Task to complete: For the entries below, print exactly the lines between the line holding "Figure 1 - Varicose veins" and the line holding "Varicose veins are", inclusive, and nothing else.

Material provided:
----

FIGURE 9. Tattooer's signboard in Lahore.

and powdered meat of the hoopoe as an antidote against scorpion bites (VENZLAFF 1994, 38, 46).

----

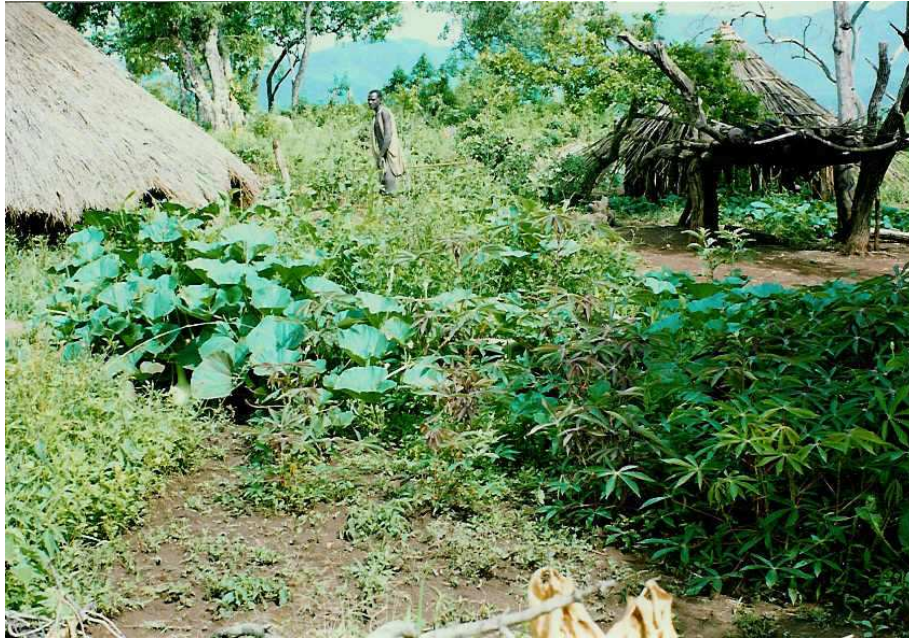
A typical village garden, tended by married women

----

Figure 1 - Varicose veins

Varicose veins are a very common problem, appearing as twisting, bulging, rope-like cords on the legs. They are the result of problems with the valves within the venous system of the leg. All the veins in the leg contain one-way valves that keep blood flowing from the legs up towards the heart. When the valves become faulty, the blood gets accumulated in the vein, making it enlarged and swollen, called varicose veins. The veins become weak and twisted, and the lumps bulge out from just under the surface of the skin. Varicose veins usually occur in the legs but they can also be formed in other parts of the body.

----

Expected answer:
Figure 1 - Varicose veins

Varicose veins are a very common problem, appearing as twisting, bulging, rope-like cords on the legs. They are the result of problems with the valves within the venous system of the leg. All the veins in the leg contain one-way valves that keep blood flowing from the legs up towards the heart. When the valves become faulty, the blood gets accumulated in the vein, making it enlarged and swollen, called varicose veins. The veins become weak and twisted, and the lumps bulge out from just under the surface of the skin. Varicose veins usually occur in the legs but they can also be formed in other parts of the body.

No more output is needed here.